Wednesday 14 November 2018

Fine weather and drought put the brakes on wind and hydro power

“Because of the intermittent nature of wind, we always make sure there is conventional electricity generation available to keep the lights on when it is not blowing.”
“Because of the intermittent nature of wind, we always make sure there is conventional electricity generation available to keep the lights on when it is not blowing.”
Paul Melia

Paul Melia

Little or no renewable electricity is being generated to power the economy due to the fine weather and drought conditions.

EirGrid said very little hydroelectric power had been generated in more than two weeks after water levels in rivers plummeted, which coupled with low wind meant the national grid operator was being forced to rely primarily on gas-fired power stations to keep the lights on.

On June 14 last at 9.30am, wind provided 2,270MW of power, enough for around 1.9 million homes.

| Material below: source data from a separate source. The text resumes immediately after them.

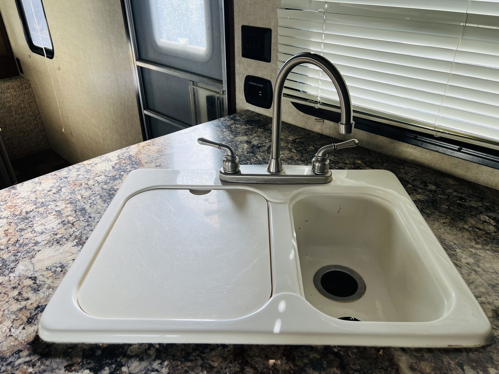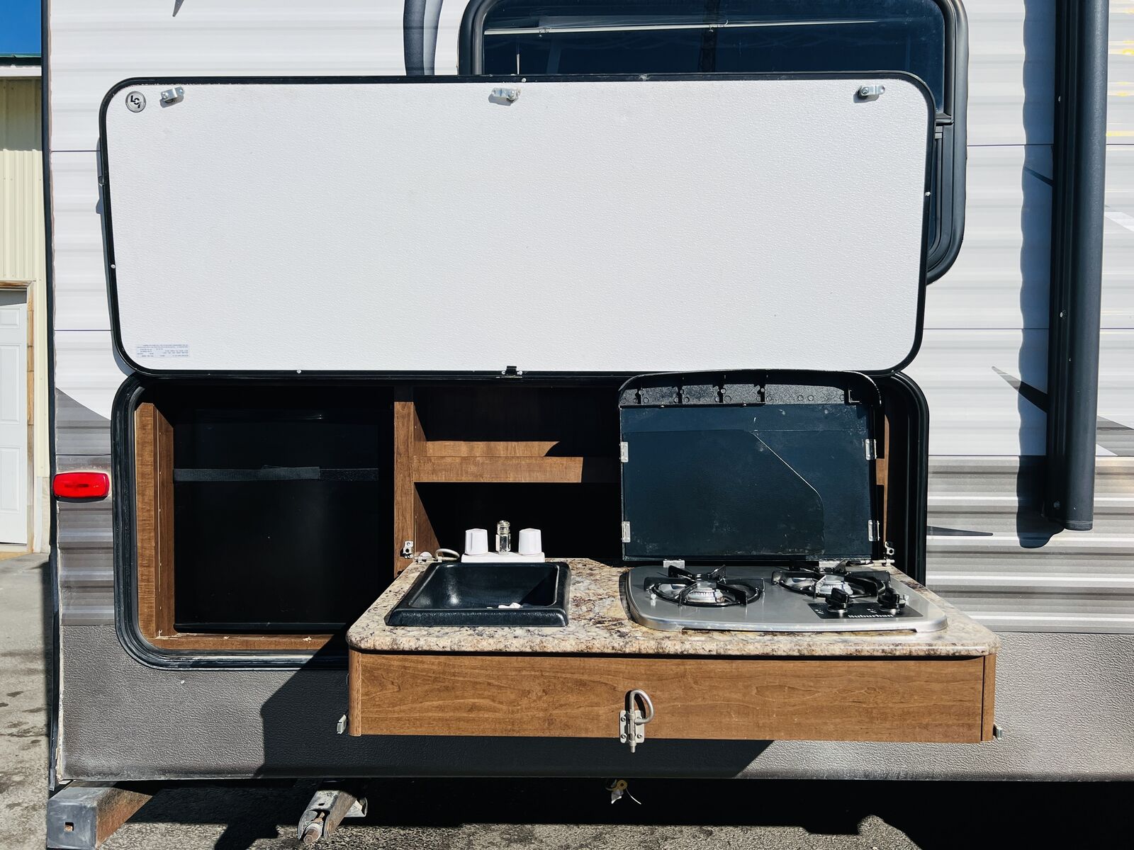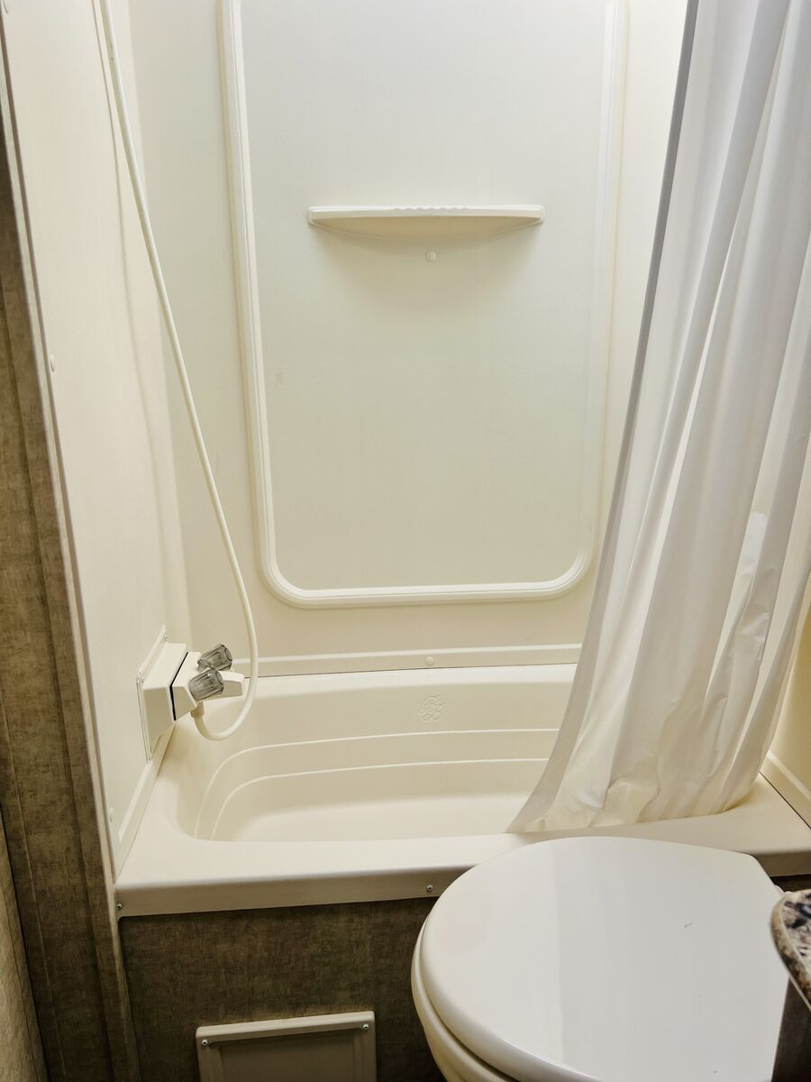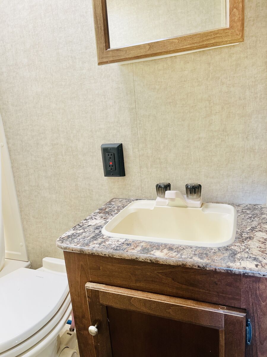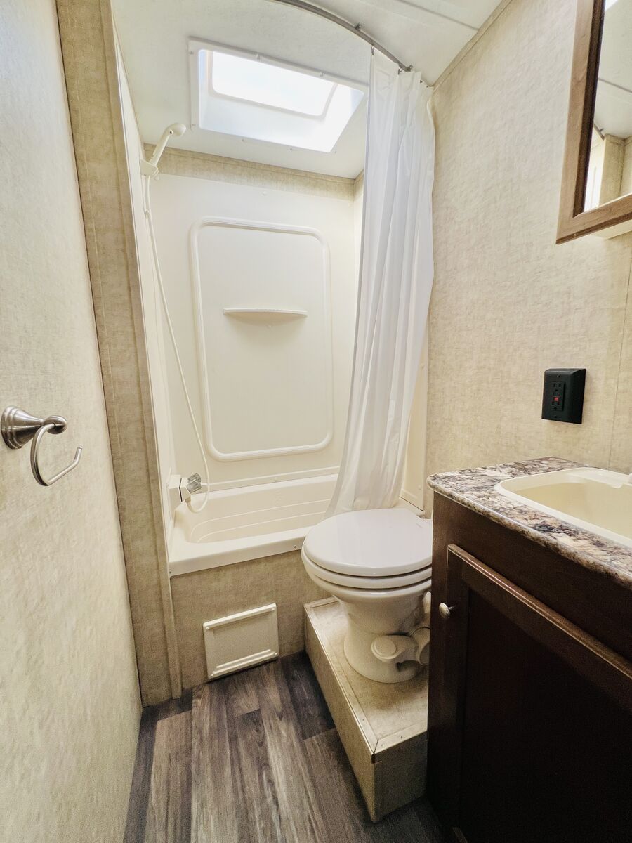 Bathroom ConvenienceFull bath with tub/shower, toilet, and sink Exterior access door for easy entry from the campsite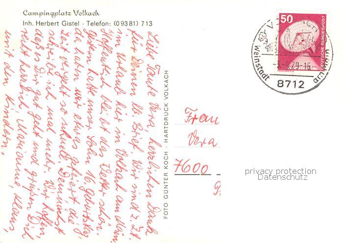 73645524 alte Postkarte Volkach Campingplatz Teilansichten postalisch gelaufen Erhaltung siehe scans [WerneD78] KatCode: 11110009675174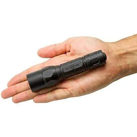 The SureFire G2X Pro flashlight is a compact yet powerful polymer-body flashlight that uses a high-efficiency LED to provide two light output levels: a brilliant, penetrating, perfectly pre-focused 320-lumen beam and a 15-lumen low-output setting that allows for extension of runtime per set of batteries. The polycarbonate microtextured reflector delivers a comparatively wider beam with generous peripheral light. The tough Nitrolon polymer body is smoothly sculpted for a comfortable, secure grip, and it resists scratches, abrasions, and corrosion. The tailcap switch is pressed for momentary-on low and clicked for constant-on low. After returning to off, the switch can be pressed or clicked again within 2 seconds for high.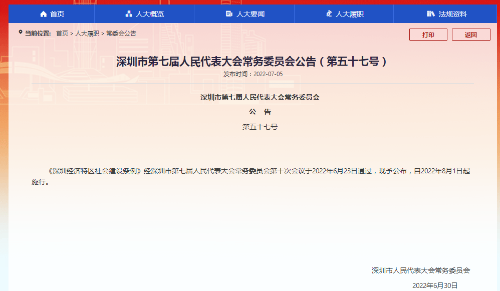 深圳人大网7月5日消息,据深圳市第七届人民代表大会常务委员会公告显示,《深圳经济特区社会建设条例》经深圳市第七届人民代表大会常务委员会第十次会议于2022年6月23日通过,自2022年8月1日起施行。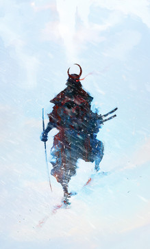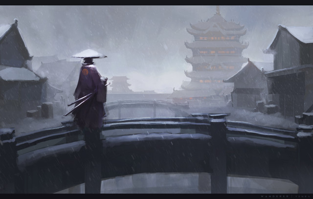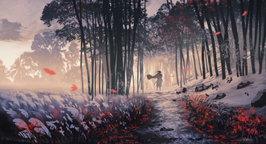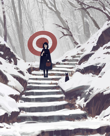 I love the composition especially the way the stairs and lights flow down the piece towards the person who's looking at it and how it makes you look at the girl because it's kinda blurred out the bottom stairs and only a bit of colour is shown on the umbrella thingy and the cat, making your eyes focus in that part of the painting. But even with monochrome tones in the background it looks so incredible and conveys a very real snowy mountain...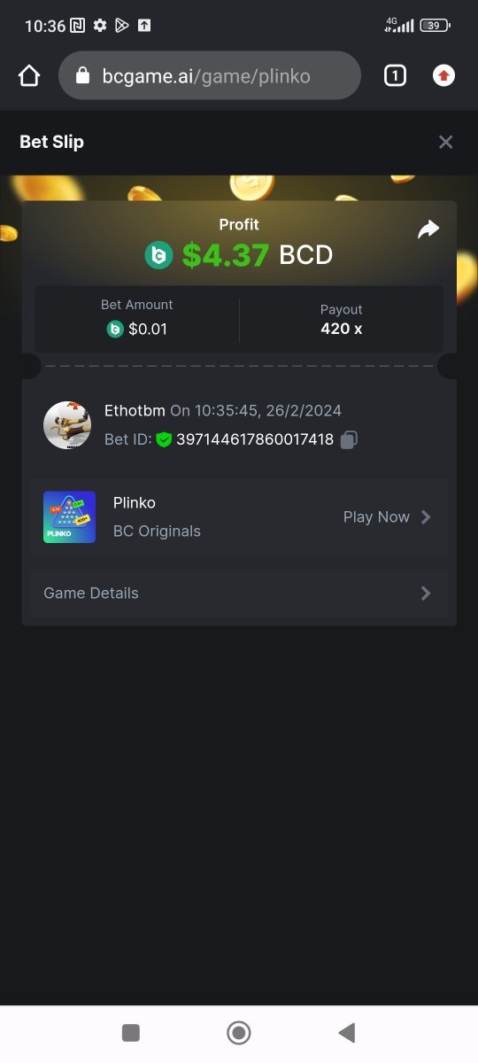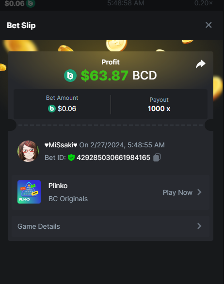 Moderator Giandreas Posted February 26, 2024 Moderator Share Posted February 26, 2024 Read Carefully Before Start To Hunt Forum Daily Challenges #522Hunt : Plinko Win the highest pay out Min Payout : 120x Min Level 10️Duration Starting : Now End time : 23.59 UTC Time How to Join? Make screenshot + paste your bet link + UID or Profile link Any coin, with min bet 0.01 USD is allowed (jb/bb/bcl not allowed)Reward Prizes 1st Place.....$7 BCD 2nd Place.....$5 BCD 3rd Place.....$4 BCD 4th Place.....$3 BCD 5th Place.....$2 BCD 🏵 Winners will be announcing next day after Roll Point! Link to comment Share on other sites More sharing options...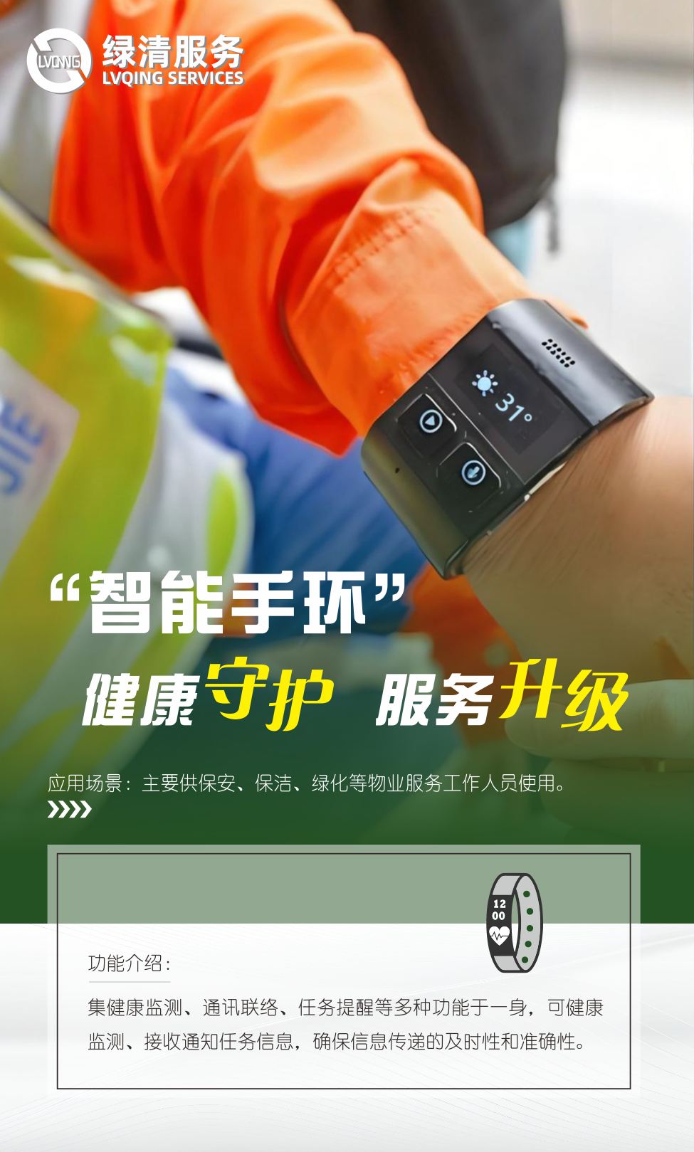 智能手環(huán)是物業(yè)工作人員的“貼心伙伴”,通過智能手環(huán),綠清服務(wù)能夠更好地加強(qiáng)團(tuán)隊內(nèi)部的協(xié)作與溝通,確保服務(wù)人員處于最佳工作狀態(tài),提高了服務(wù)響應(yīng)速度,為業(yè)主提供更加貼心、高效的服務(wù)體驗,提升了整體服務(wù)質(zhì)量。

Yesterday morning, at the same time, there was no wind on the system.

There are four hydroelectric generators on the system, which total 216 megawatts (MW), sufficient to power around 175,000 homes. The biggest is Ardnacrusha on the Shannon, but EirGrid said little had been generated from any of the stations.

"There has been no hydro for the last two weeks, because there's no water, and there's very little wind on the system, it's nearly all gas," EirGrid spokesman David Martin said. But he added there was no security of supply issue, with ample back-up in place.

"Because of the intermittent nature of wind, we always make sure there is conventional electricity generation available to keep the lights on when it is not blowing."